• **Materials provided**:
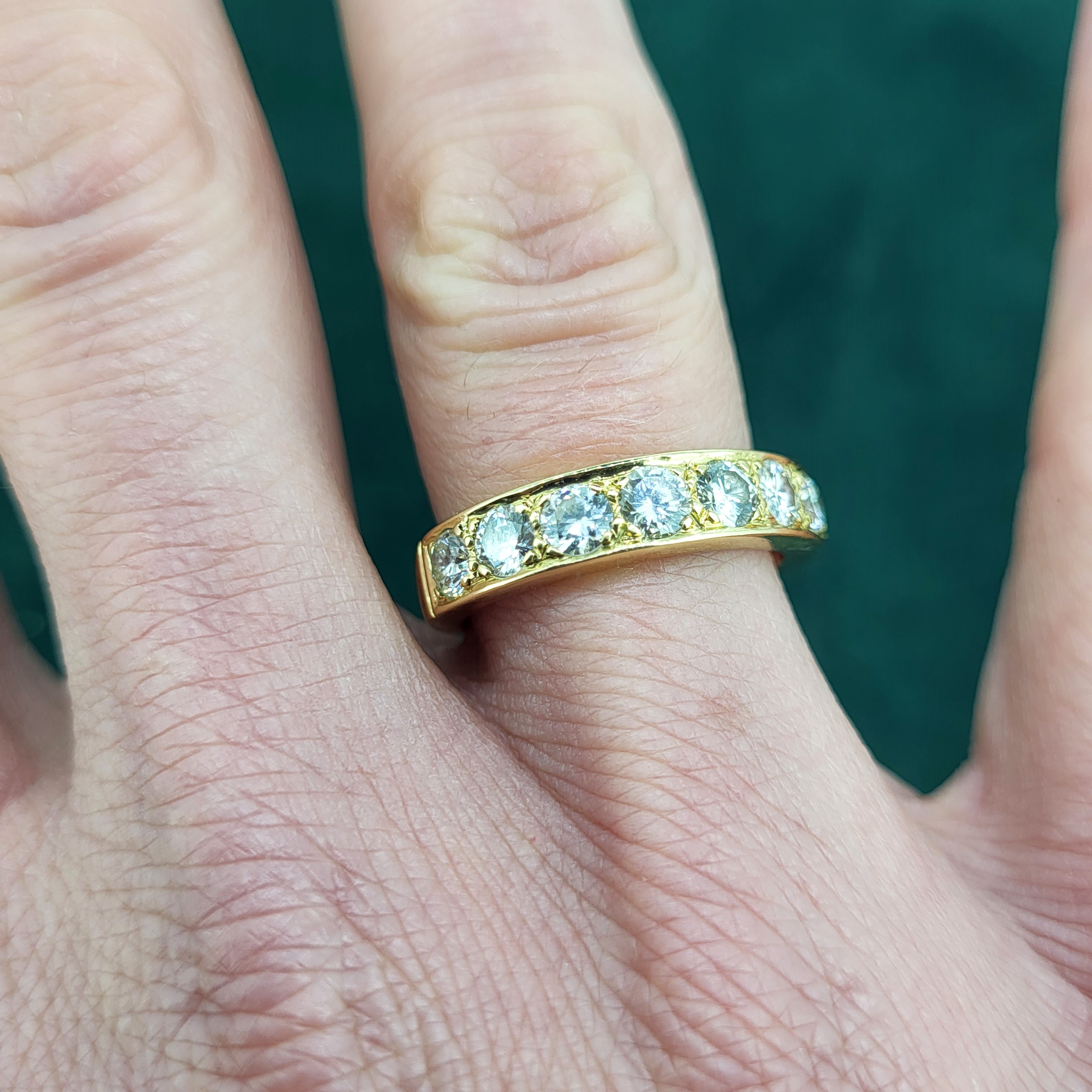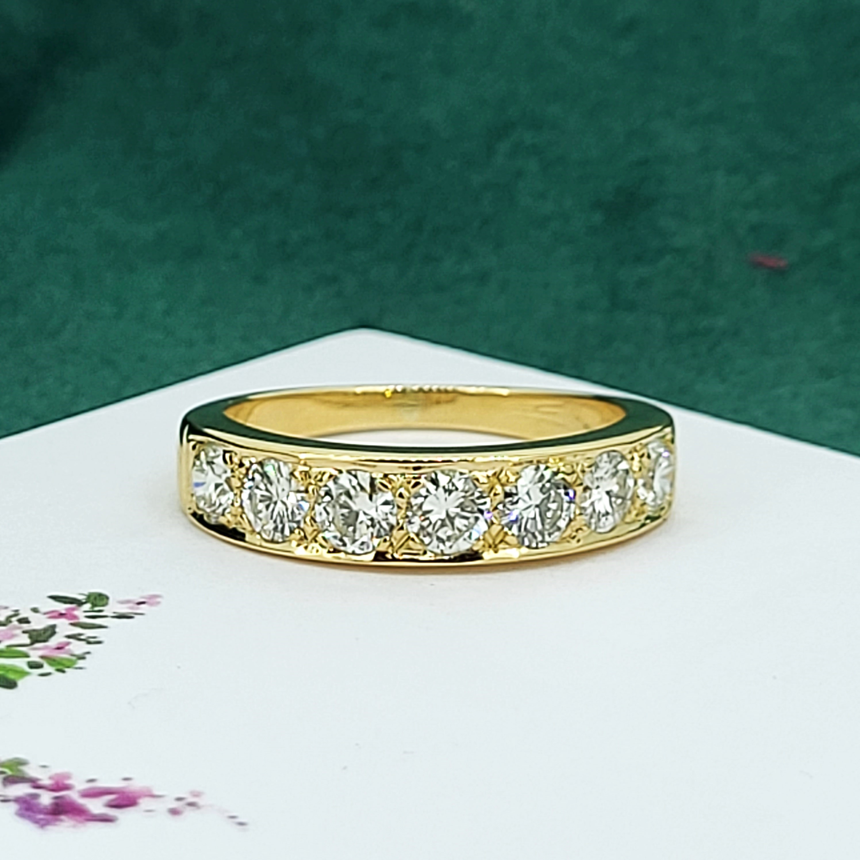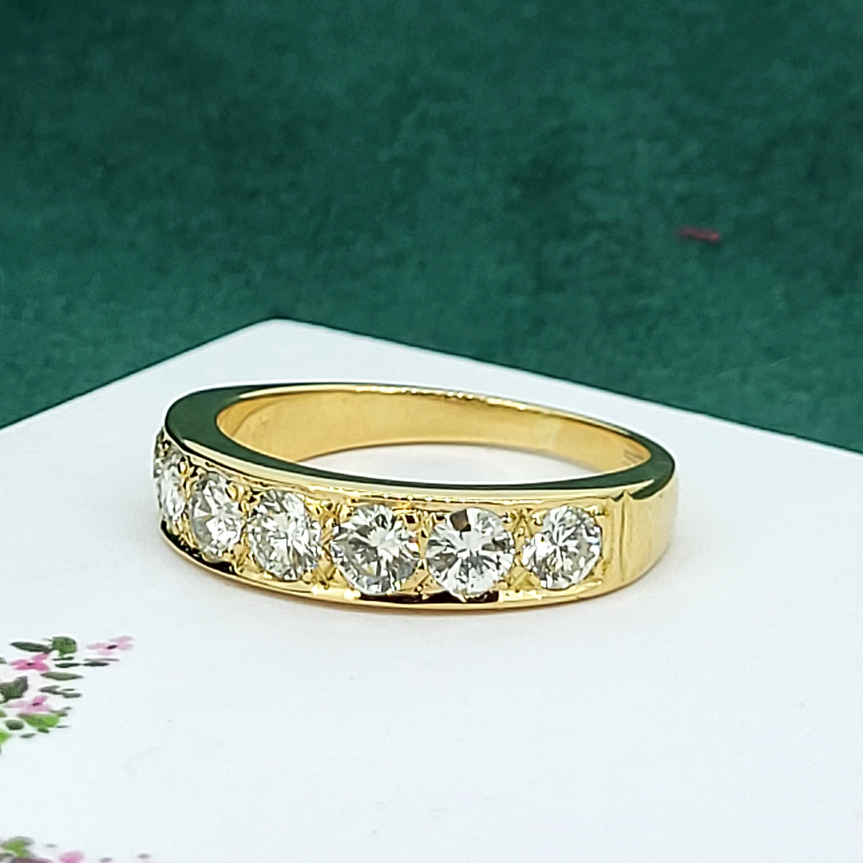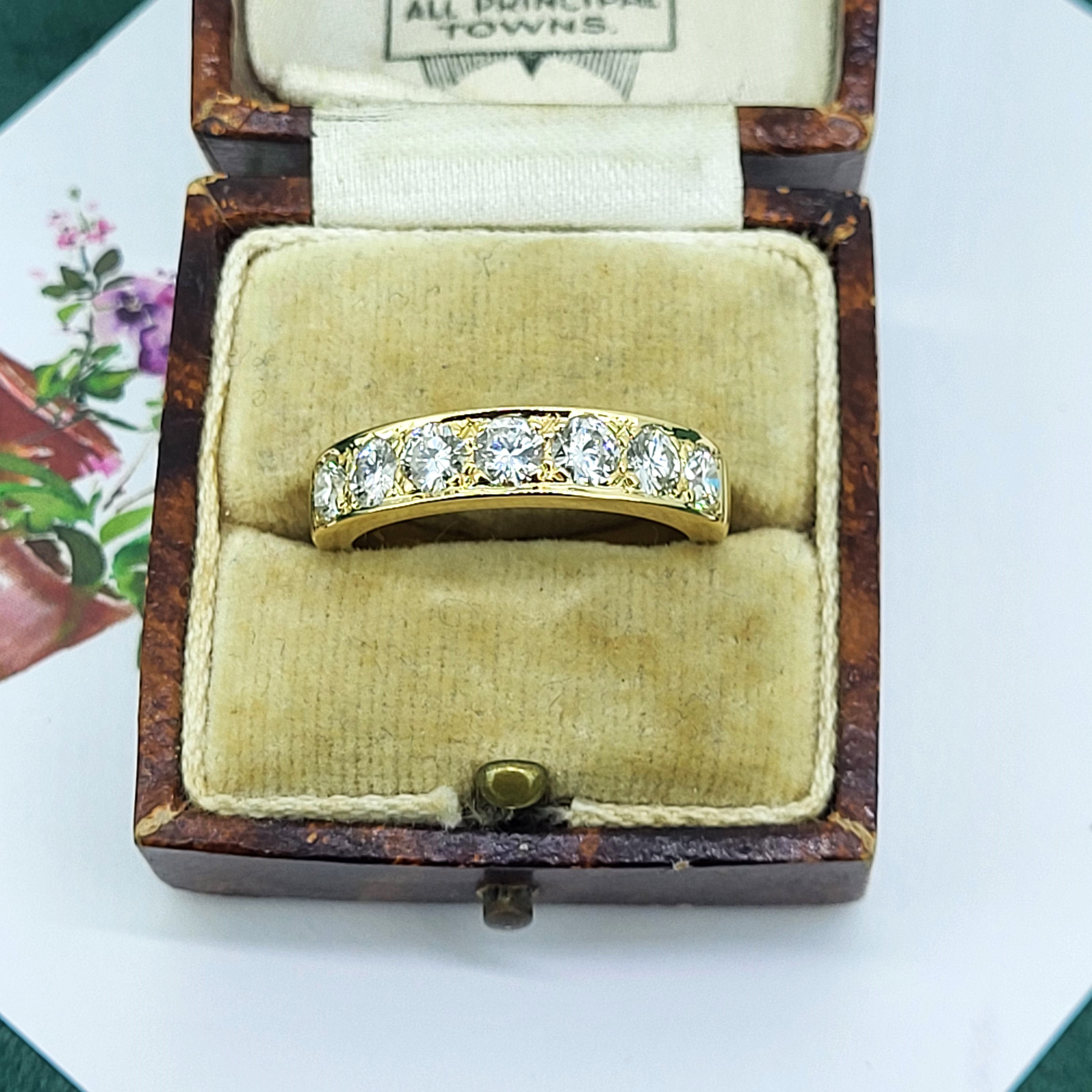 This ring features seven 0.17cts round brilliant cut diamonds set in a vintage style grain setting. The combined carat weight is an estimated 1.20cts. The diamonds are bright with fabulous luster and brilliance, G/H in Colour and SI Clarity.
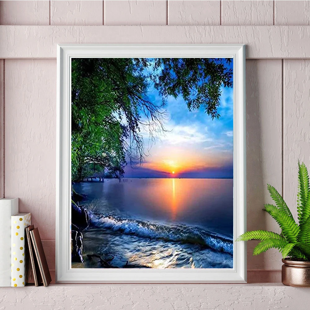 Картина Закат Ландшафтная мозаика с бриллиантами, вышивка крестиком...
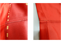 縫製工程時、生地を伸ばして縫い合わせる為、色が浸透していない部分がでてくる場合がございます。
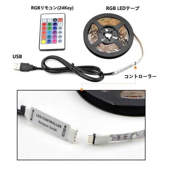 LED テープライト USB対応 3m SMD3528 5V LEDテープ RGB 間接照明 棚下照明 テレビの背景照明用LED
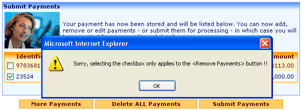 Once the credit card details are provided and the <Pay> button is selected ? the payment will be attempted to be processed. If the credit card payment fails then the Payments will not be processed, and can be ?re-called? by reselecting the Payments | New Payment option.
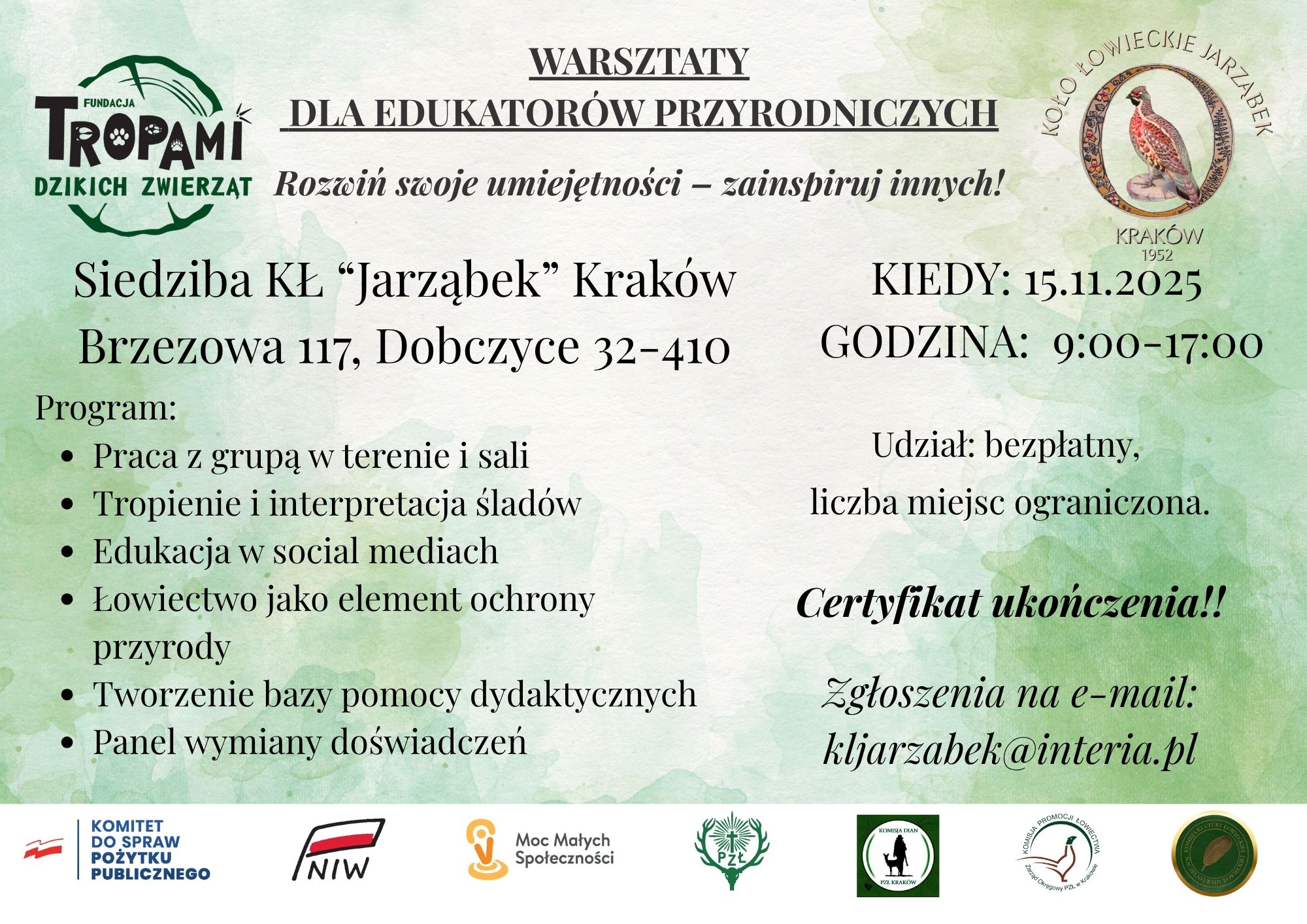 Wspólnie z Polskim Związkiem Łowieckim – ZO PZŁ Kraków oraz Fundacja Tropami Dzikich Zwierząt przygotowaliśmy program, który:
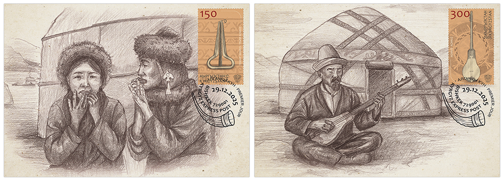 On December 29, 2025 the Ministry of Digital Development and Innovative Technologies of the Kyrgyz Republic puts into circulation a series of Kyrgyz Express Post postage stamps: "Kyrgyz Musical Instruments".
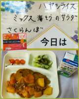 本日の給食は ・ハヤシライス ・ミックス海そうのサラダ ...
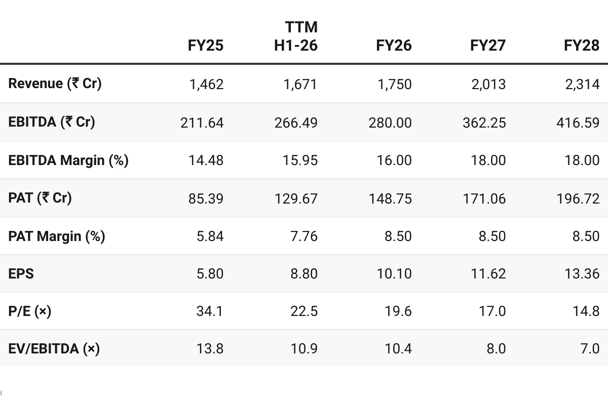 Re-rating potential: At ~19× FY26E P/E and 10× EV/EBITDA, trades at a discount to retailers (explained by the weak performance for FY23-25). Sustained execution as per guidance could drive a significant re-rating and create an opportunity in the stock.
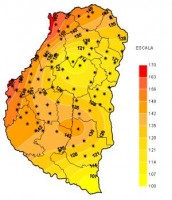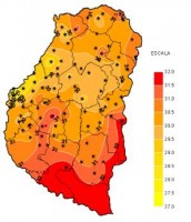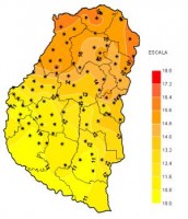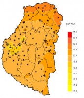 En los últimos siete días las marcas térmicas tuvieron una leve recuperación en ascenso, fundamentalmente debido al ingreso de aire más cálido y húmedo que al mismo tiempo desestabilizo las condiciones atmosféricas. Las temperaturas mínimas prácticamente duplicaron los valores del periodo previo ubicándose entre los 10 y 12ºC. En el caso de los registros máximos la variación no fue tan perceptible en cuanto a los valores absolutos, pues las mismas se mantuvieron cercanas a los 30ºC, pero si en la distribución de ese elevado valor ya que, en este caso, fue mas generalizada a lo largo de todo el territorio provincial.
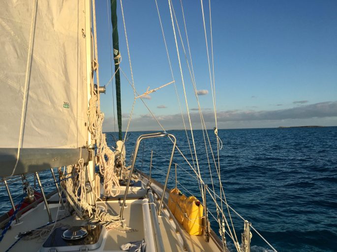 We left the Little Harbour cut in predawn darkness to hit slack current on our way to Eleuthera. The wind was 15-20 knots just aft of the beam which made for a fun and speedy sail to Eleuthera.
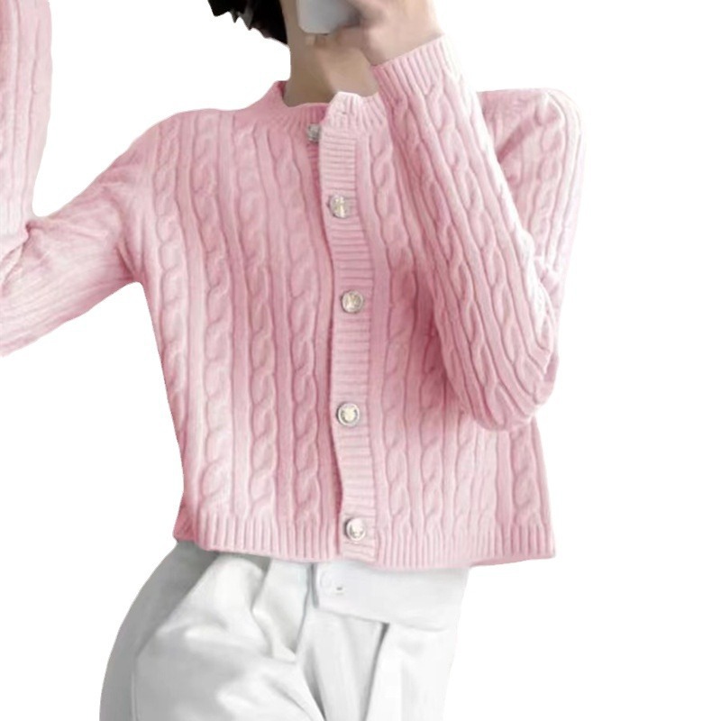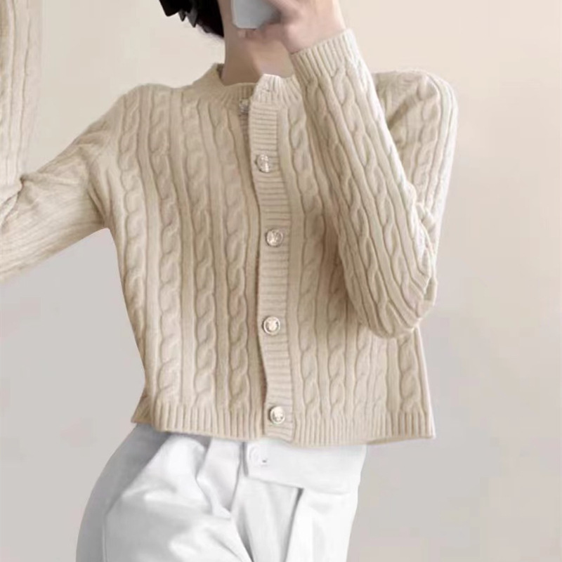 一件代发复古麻花圆领针织开衫女2024秋季软糯纯色长袖毛衣外套女
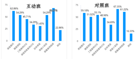互动形式偏好调研发现,两组学生均对“课堂小实验”、“观看案例视频”和“工程案例讨论”表现出最高兴趣(占比超 60%,见图4),为后续教学优化提供了明确方向。
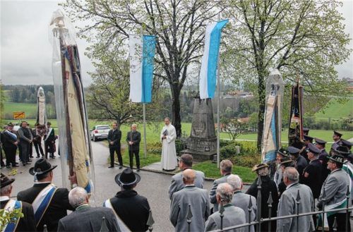 Gut besucht war der Veteranen- und Vereinsjahrtag in Schwabering. Das feierliche Gedenken am Kriegerdenkmal hielt Diakon Michael Leberle (unser Bild). Mit dabei war der Obmann der Interessengemeinschaft der Krieger-, Veteranenvereine und Soldatenkameradschaften im Landkreis, Pius Graf. Im Anschluss
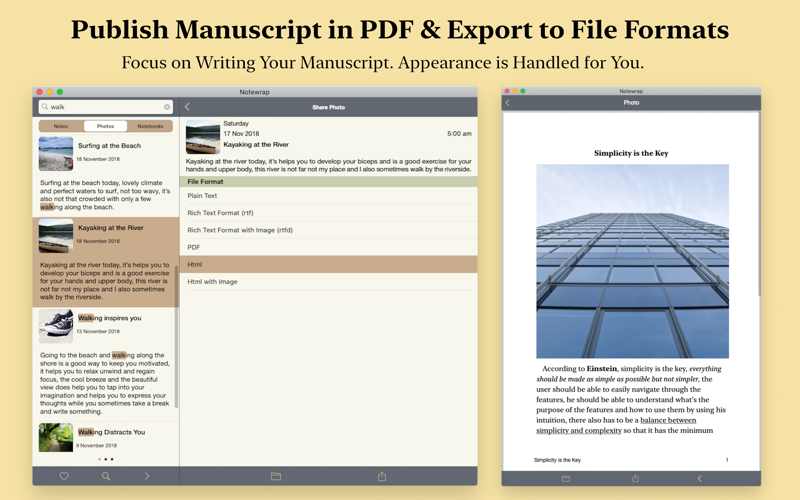 Take notes on the go whenever imagination strikes, add them to a notebook and write a book, blog, essay, report or paper. Write in pieces, one scene, paragraph or chapter at a time and add them to a notebook and later rearrange & remix notes & photos so that e.g. scene 4 can become scene 1 or chapter 7 can become chapter 2. You can also add front matter such as title page, acknowledgement etc. and back matter such as end notes, photos etc. Once your draft is ready you can export your notebook to various formats such as pdf, rtf, plain text, markdown etc. An al fresco writer’s loose-leaf notebook that lets you write a book, blog, essay, report or paper on the go like never before.

• **Exercise objective**:
Word for word and without any pictures, return all of the lines above.

• **Answer section**:
 This ring features seven 0.17cts round brilliant cut diamonds set in a vintage style grain setting. The combined carat weight is an estimated 1.20cts. The diamonds are bright with fabulous luster and brilliance, G/H in Colour and SI Clarity.
 Картина Закат Ландшафтная мозаика с бриллиантами, вышивка крестиком...
 縫製工程時、生地を伸ばして縫い合わせる為、色が浸透していない部分がでてくる場合がございます。
 LED テープライト USB対応 3m SMD3528 5V LEDテープ RGB 間接照明 棚下照明 テレビの背景照明用LED
 Once the credit card details are provided and the <Pay> button is selected ? the payment will be attempted to be processed. If the credit card payment fails then the Payments will not be processed, and can be ?re-called? by reselecting the Payments | New Payment option.
 Wspólnie z Polskim Związkiem Łowieckim – ZO PZŁ Kraków oraz Fundacja Tropami Dzikich Zwierząt przygotowaliśmy program, który:
 On December 29, 2025 the Ministry of Digital Development and Innovative Technologies of the Kyrgyz Republic puts into circulation a series of Kyrgyz Express Post postage stamps: "Kyrgyz Musical Instruments".
 本日の給食は ・ハヤシライス ・ミックス海そうのサラダ ...
 Re-rating potential: At ~19× FY26E P/E and 10× EV/EBITDA, trades at a discount to retailers (explained by the weak performance for FY23-25). Sustained execution as per guidance could drive a significant re-rating and create an opportunity in the stock.
 En los últimos siete días las marcas térmicas tuvieron una leve recuperación en ascenso, fundamentalmente debido al ingreso de aire más cálido y húmedo que al mismo tiempo desestabilizo las condiciones atmosféricas. Las temperaturas mínimas prácticamente duplicaron los valores del periodo previo ubicándose entre los 10 y 12ºC. En el caso de los registros máximos la variación no fue tan perceptible en cuanto a los valores absolutos, pues las mismas se mantuvieron cercanas a los 30ºC, pero si en la distribución de ese elevado valor ya que, en este caso, fue mas generalizada a lo largo de todo el territorio provincial.
 We left the Little Harbour cut in predawn darkness to hit slack current on our way to Eleuthera. The wind was 15-20 knots just aft of the beam which made for a fun and speedy sail to Eleuthera.
 一件代发复古麻花圆领针织开衫女2024秋季软糯纯色长袖毛衣外套女
互动形式偏好调研发现,两组学生均对“课堂小实验”、“观看案例视频”和“工程案例讨论”表现出最高兴趣(占比超 60%,见图4),为后续教学优化提供了明确方向。
 Gut besucht war der Veteranen- und Vereinsjahrtag in Schwabering. Das feierliche Gedenken am Kriegerdenkmal hielt Diakon Michael Leberle (unser Bild). Mit dabei war der Obmann der Interessengemeinschaft der Krieger-, Veteranenvereine und Soldatenkameradschaften im Landkreis, Pius Graf. Im Anschluss
 Take notes on the go whenever imagination strikes, add them to a notebook and write a book, blog, essay, report or paper. Write in pieces, one scene, paragraph or chapter at a time and add them to a notebook and later rearrange & remix notes & photos so that e.g. scene 4 can become scene 1 or chapter 7 can become chapter 2. You can also add front matter such as title page, acknowledgement etc. and back matter such as end notes, photos etc. Once your draft is ready you can export your notebook to various formats such as pdf, rtf, plain text, markdown etc. An al fresco writer’s loose-leaf notebook that lets you write a book, blog, essay, report or paper on the go like never before.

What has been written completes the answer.